Operation Suvorov began on August 7 with a preliminary bombardment at 0440 hours and a ground assault at 0630. By this time the 199th was in 81st Rifle Corps with the 192nd Rifle Division. The commander of Western Front, Col. Gen. V. D. Sokolovskii, committed his 5th, 10th Guards, and 33rd Armies in the initial assault, while 68th Army was in second echelon. The attack quickly encountered heavy opposition and stalled. By early afternoon, Sokolovskii became concerned about the inability of most of his units to advance and decided to commit part of 68th Army to reinforce the push by 10th Guards Army against XII Army Corps. This was a premature and foolish decision on a number of levels, crowding an already stalled front with even more troops and vehicles.

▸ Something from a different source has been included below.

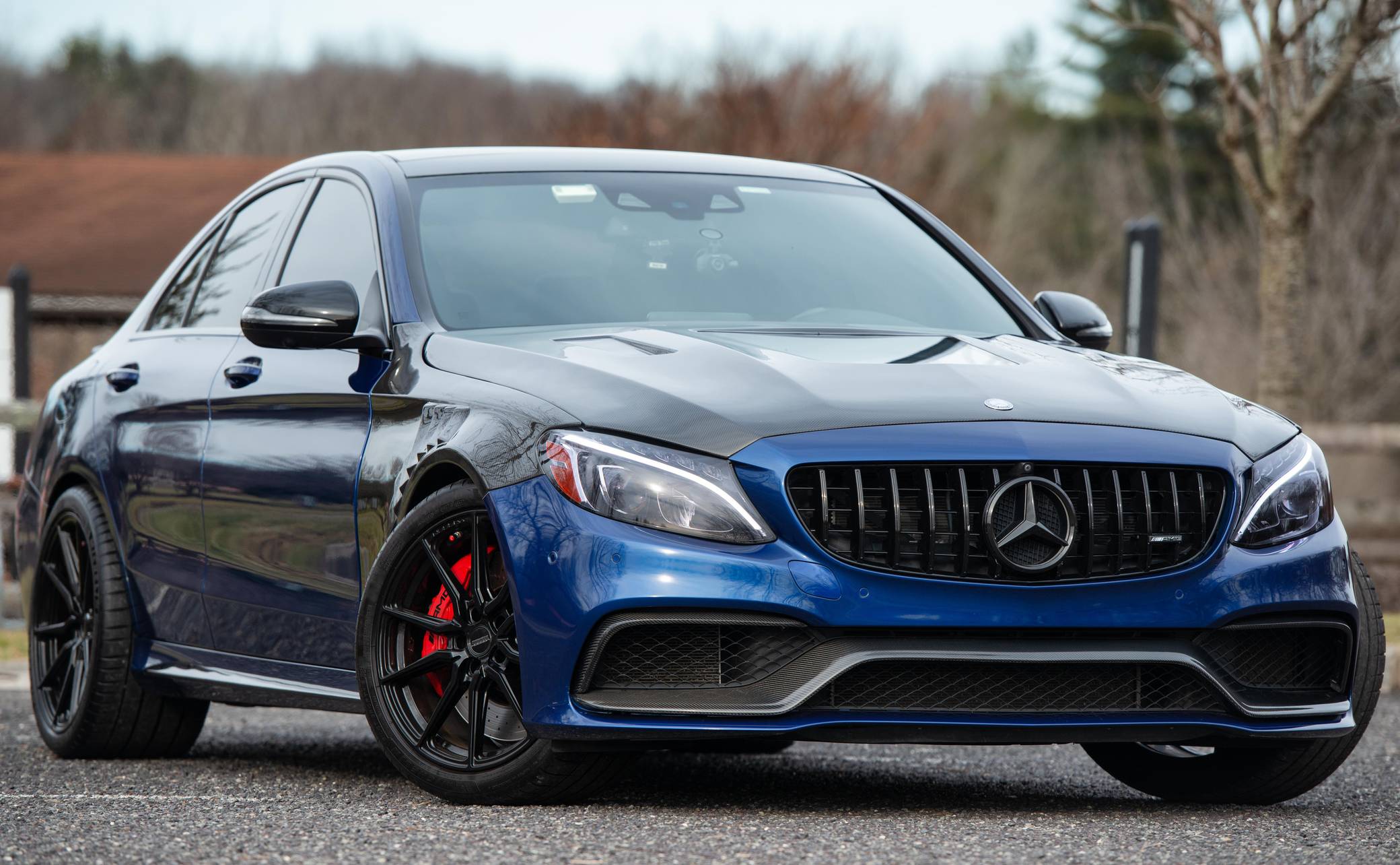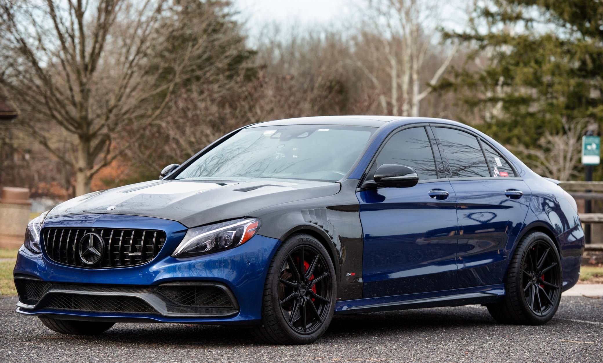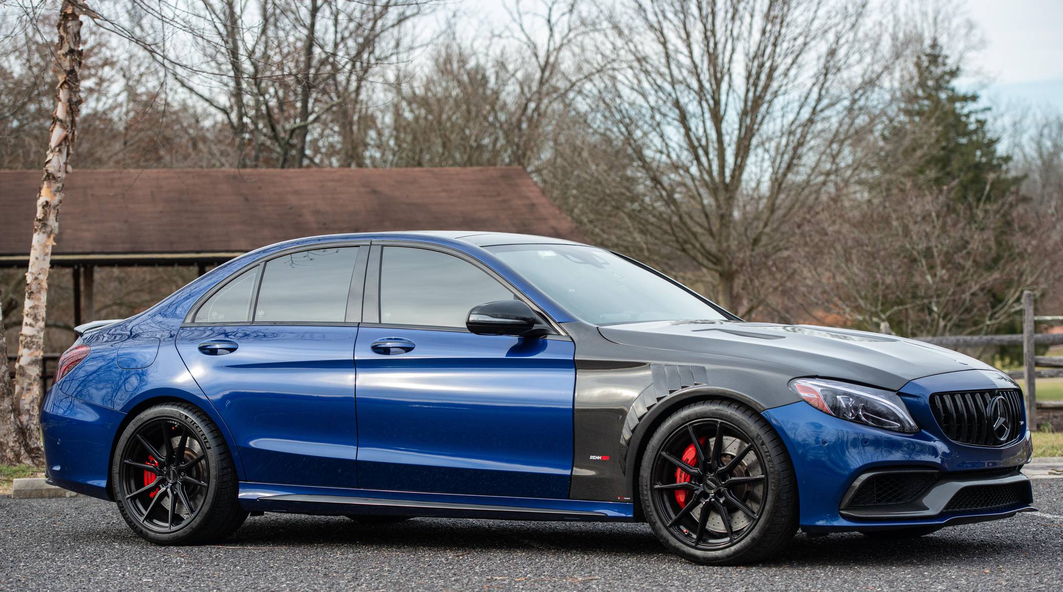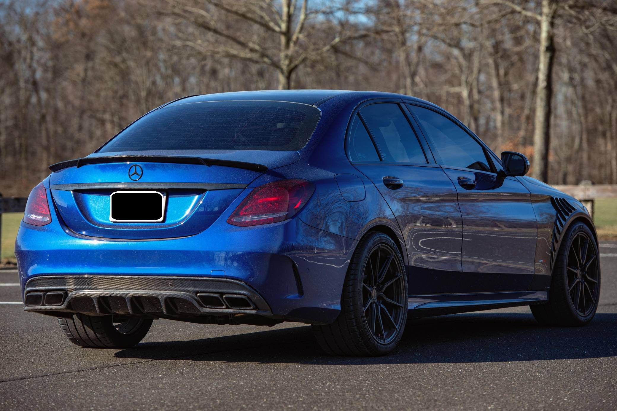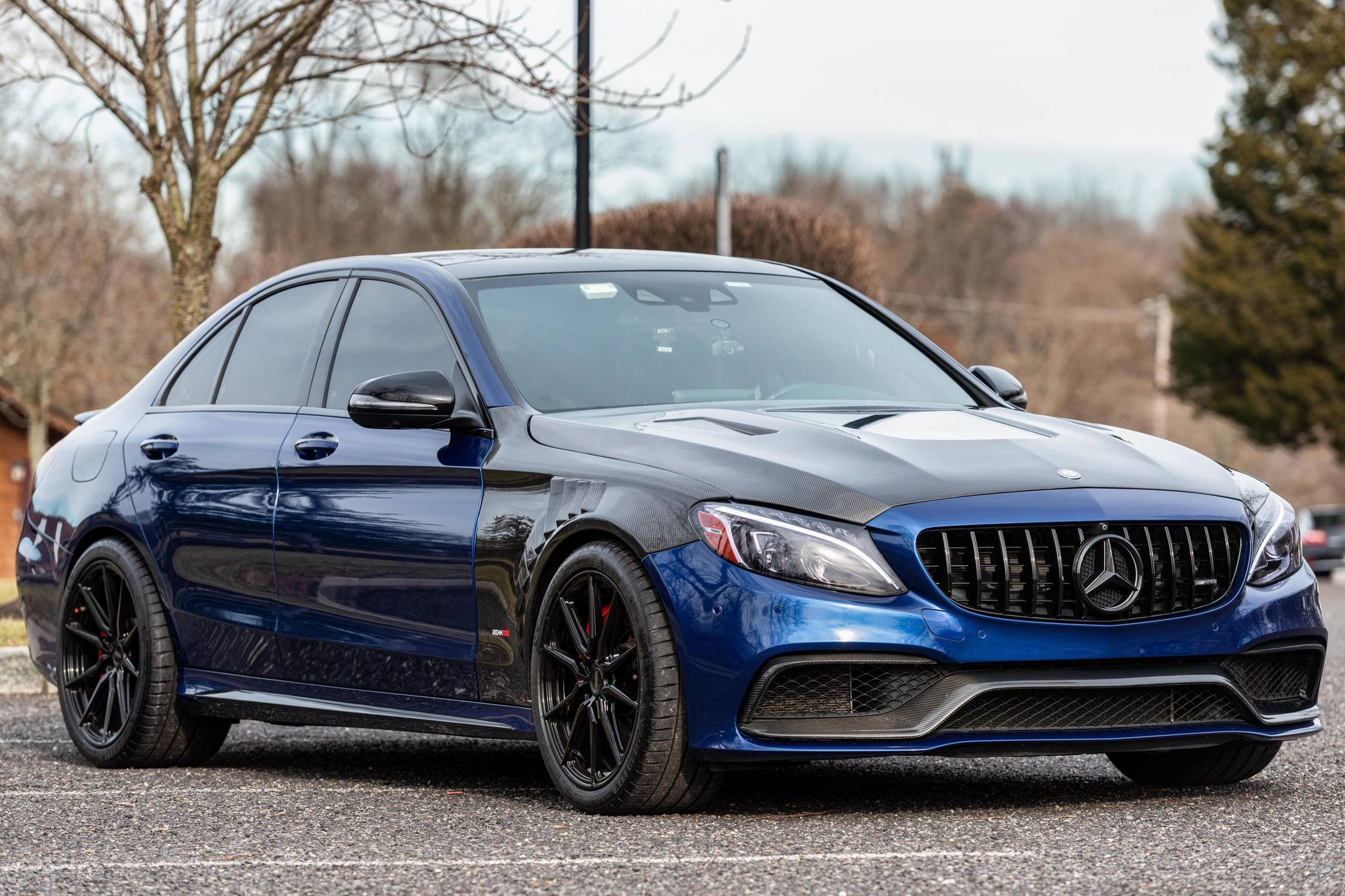 THIS… is a 2017 Mercedes-AMG C63 S Sedan, finished in Brilliant Blue Metallic with a Platinum White Pearl and black interior. The odometer on this C63 currently displays approximately 30,400 miles. According to the build sheet provided in the gallery, factory equipment includes the Night Package, an electronically controlled limited-slip differential, a panoramic sunroof, Designo Nappa leather upholstery, silver seat belts, an AMG Performance steering wheel, Keyless Go, a head-up display, and a Burmester surround sound system. Modifications to this C63 are extensive, and the full list is detailed below. include a RENNtech ECU upgrade, RENNtech stainless steel sport mufflers with electronic valves, 19-inch Vossen HF-3 wheels, a carbon fiber hood and front fenders, and STEK DYNOshield paint protection film applied to the exterior. Mercedes-AMG introduced the W205-based C63 for the 2015 model year, shortly after it morphed into a sub-brand within Mercedes-Benz. Offered as a sedan and as a coupe, the C63 surfed the downsizing wave sweeping across the industry by trading displacement for forced induction, yet it was quicker and sharper to drive than its predecessor. Enthusiasts who ordered the range-topping S model unlocked more power and additional equipment. Production ended in 2021. Power comes from an “M177” 4. 0-liter twin-turbocharged V8, rated at 503 horsepower and 516 lb-ft of torque in stock form. Due to the modifications performed to this C63, it may produce more power, but a dyno sheet was not provided to confirm. Output is sent to the rear wheels via a 7-speed SPEEDSHIFT MCT automatic transmission.

On the morning of August 8, Sokolovskii resumed his offensive at 0730 hours, but now he had three armies tangled up on the main axis of advance. After a 30-minute artillery preparation the Soviets resumed their attacks across a 10km-wide front. 81st Corps was inserted between the two engaged corps of 10th Guards, putting further pressure on the 488th Grenadier Regiment of 268th Infantry Division. Reinforcements from 2nd Panzer Division were coming up from Yelnya in support. The next day, 10th Guards almost clawed its way onto Hill 233.3, but was thrown back by a furious German counterattack. The hill was finally overwhelmed by a massive attack on the evening of August 10. By the next day it became clear that XII Corps was running out of infantry and so late in the day the German forces began falling back toward the YelnyaSpas-Demensk railway. By now Western Front had expended nearly all its artillery ammunition and was not able to immediately exploit the withdrawal. Sokolovskii was authorized to temporarily suspend Suvorov on August 21. On August 16, Colonel Poyarov left his command, and became chief of staff of 81st Corps in September. He was replaced by Col. Matvei Prokopevich Kononenko. This officer was returning to service after holding regimental and brigade commands in 1941 and would be promoted to the rank of major general on February 22, 1944.

===Yelnya Offensive===
Sokolovskii was given just one week to reorganize for the next push. In the new plan the 10th Guards, 21st, 33rd and 68th Armies would make the main effort, attacking XII Corps all along its front until it shattered, then push mobile groups through the gaps to seize Yelnya. It kicked off on August 28 with a 90-minute artillery preparation across a 25km-wide front, but did not initially include 68th Army. A gap soon appeared in the German front in 33rd Army's sector, and the 5th Mechanized Corps was committed. On the second day this Corps achieved a breakthrough and Yelnya was liberated on August 30. By this time the attacking rifle divisions were reduced to 3,000 men or fewer. By September 1 the 199th had been reassigned to 72nd Rifle Corps, still in 68th Army.

===Advance to Smolensk===
The offensive was again suspended on September 7, with one week allowed for logistical replenishment. When it resumed on September 15, German 4th Army was expected to hold a 164km front with fewer than 30,000 troops. Sokolovskii prepared to make his main effort with the same four armies against IX Army Corps' positions west of Yelnya; the Corps had five decimated divisions to defend a 40km-wide front. At 0545 hours a 90-minute artillery preparation began, followed by intense bombing attacks. When the ground attack began the main effort was directed south of the YelnyaSmolensk railway, near the town of Leonovo. After making gains the attacks resumed at 0630 on September 16. 68th Army continued probing attacks against 35th and 252nd Infantry Divisions, and although the IX Corps was not broken after two days, it was ordered to withdraw to the next line of defense overnight on September 16/17. Sokolovskii intended to pursue the left wing of the Corps and approach Smolensk from the south with the 68th, 10th Guards, and most of his armor.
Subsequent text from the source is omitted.